If you have questions about this change, you're in the right place. Our editors, experts, and community of change optimists have answers!
My Mother-in-law is Bipolar. How can I manage my relationship with her to avoid conflict?
I'm only engaged so far with my wedding still 4 months away.
I read up on Bipolar disorder and realised my Mother-in-law displays all the symptoms. I know breaking the news to my fiance or his family will only get a bad reaction against me and it would be best if i keep quiet for the first few years of my marriage atleast.
So without any possibility of treatment, I really need to figure out how I can manage my relationship with her so that I do not keep getting hurt.
Any one time when I interact with her she will be super happy to be around me and keep saying how much she loves me and asking if I love her too. The next time she will be horrible and will insult me in front of everyone repeatedly. I am not completely over the pain of the last interactions insults and she starts acting like I mean everything to her. And she expects me to reciprocate her emotions but I can only bring myself to be polite.
She is extremely judgmental and opinionated and passes judgement on everyone icluding her own children. Now, even if she may not say anything about me, i have started to take her comments negatively and that makes it even more difficult for me to like her. She also keeps trying to force me to join her religious group. She gets very hassled and keeps asking me why i dont show interest.
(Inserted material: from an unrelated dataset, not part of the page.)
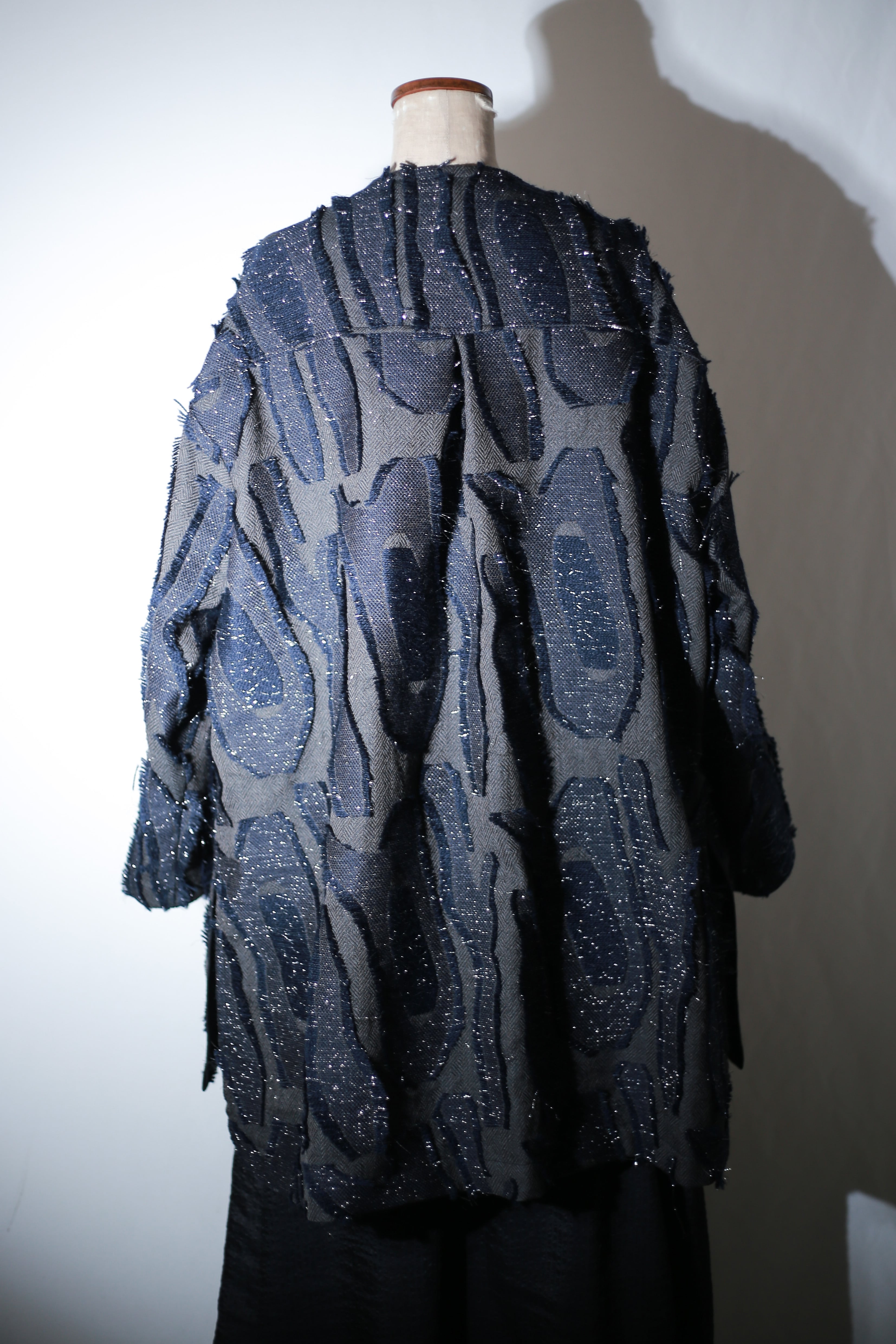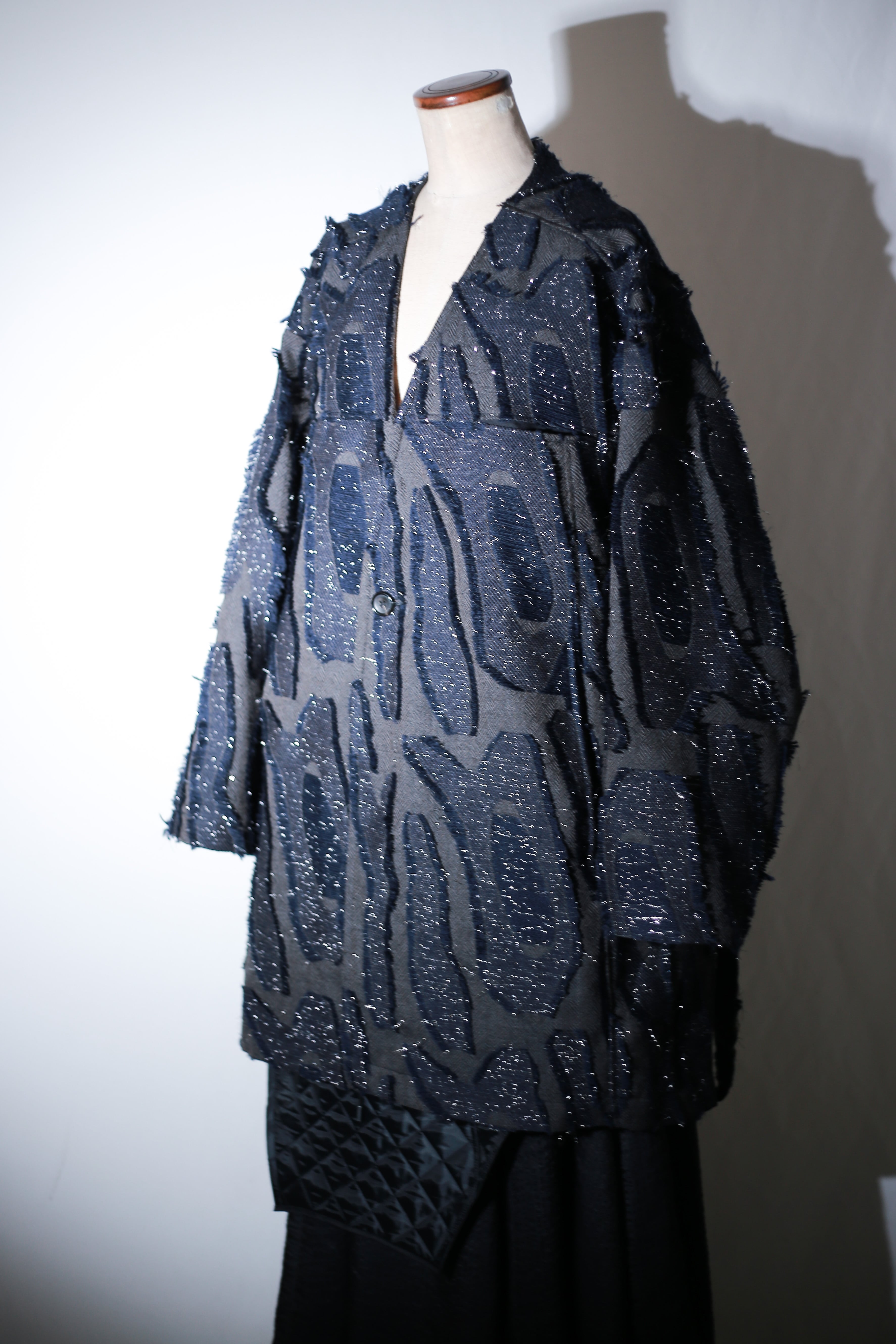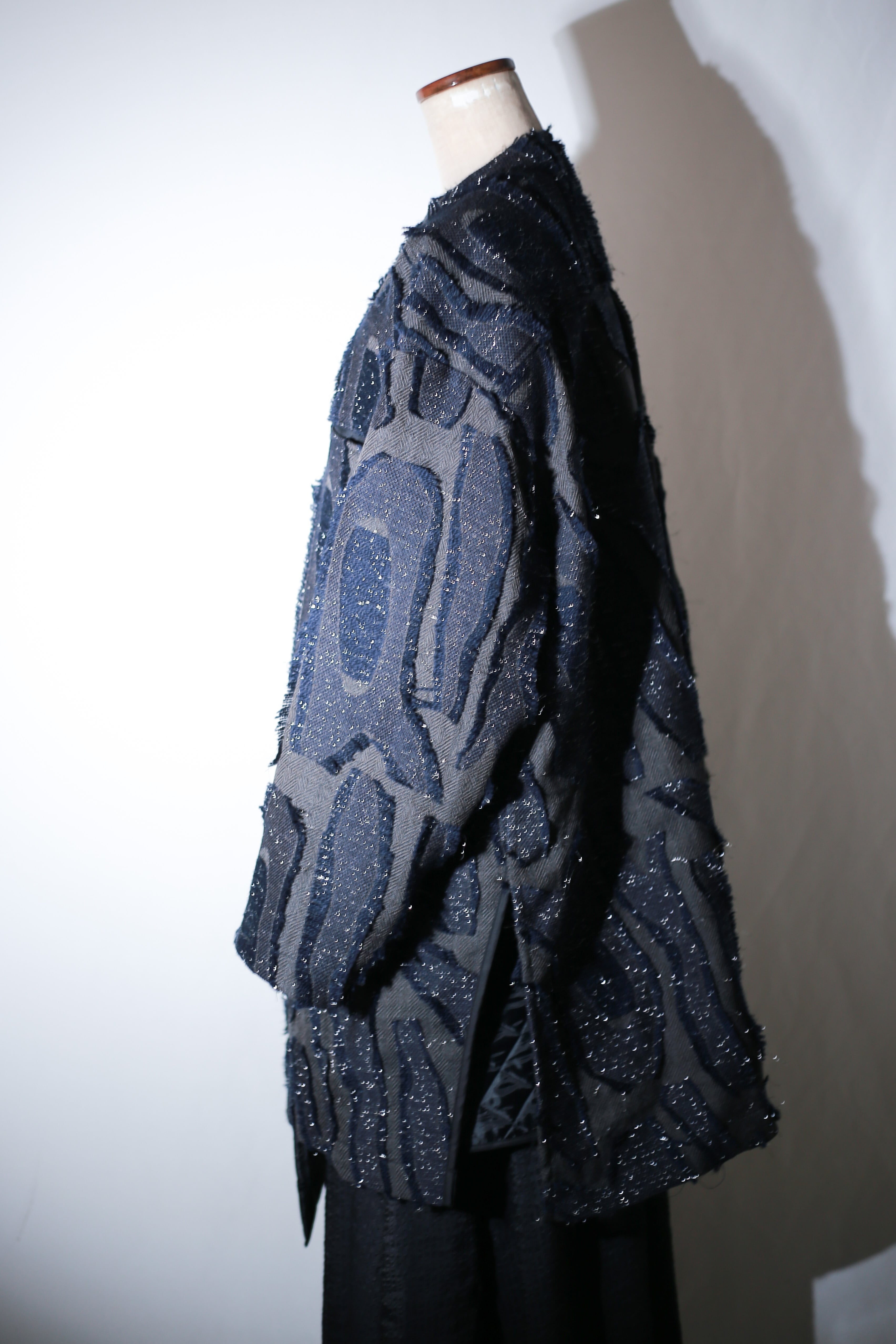 ノーカラーのスッキリとしたジャケットで、脇の大きく開いたスリットが特徴です。

I have repeatedly forgiven her and tried my level best to be nice and polite. But I know that I must be sending out vibes of how much I hate being there with her. There has been one time when she provoked me by calling my mother stupid and I ended up answering her back( though not shouting or being rude). This only made her flare up and say more direct horrible things about me and my family. It has been very difficult to forget those words of hers. I realize that I should have moved away instead of stay there and answer back. My fiance is not the most supportive although he tries to be. I still feel he thinks I over react whereas I always try to cut down the display of pain. There was a point where I thought the wedding would be called off.
The plus points are that my fiance loves me very much. My father-in-law is the complete opposite and is wonderful in managing relationships. Also, Since my fiance works abroad there wont be a very regular interaction with her.
But I dread the days of the wedding and vaction times which I will have to spend with her. Pls tell me how best I can manage this relationship.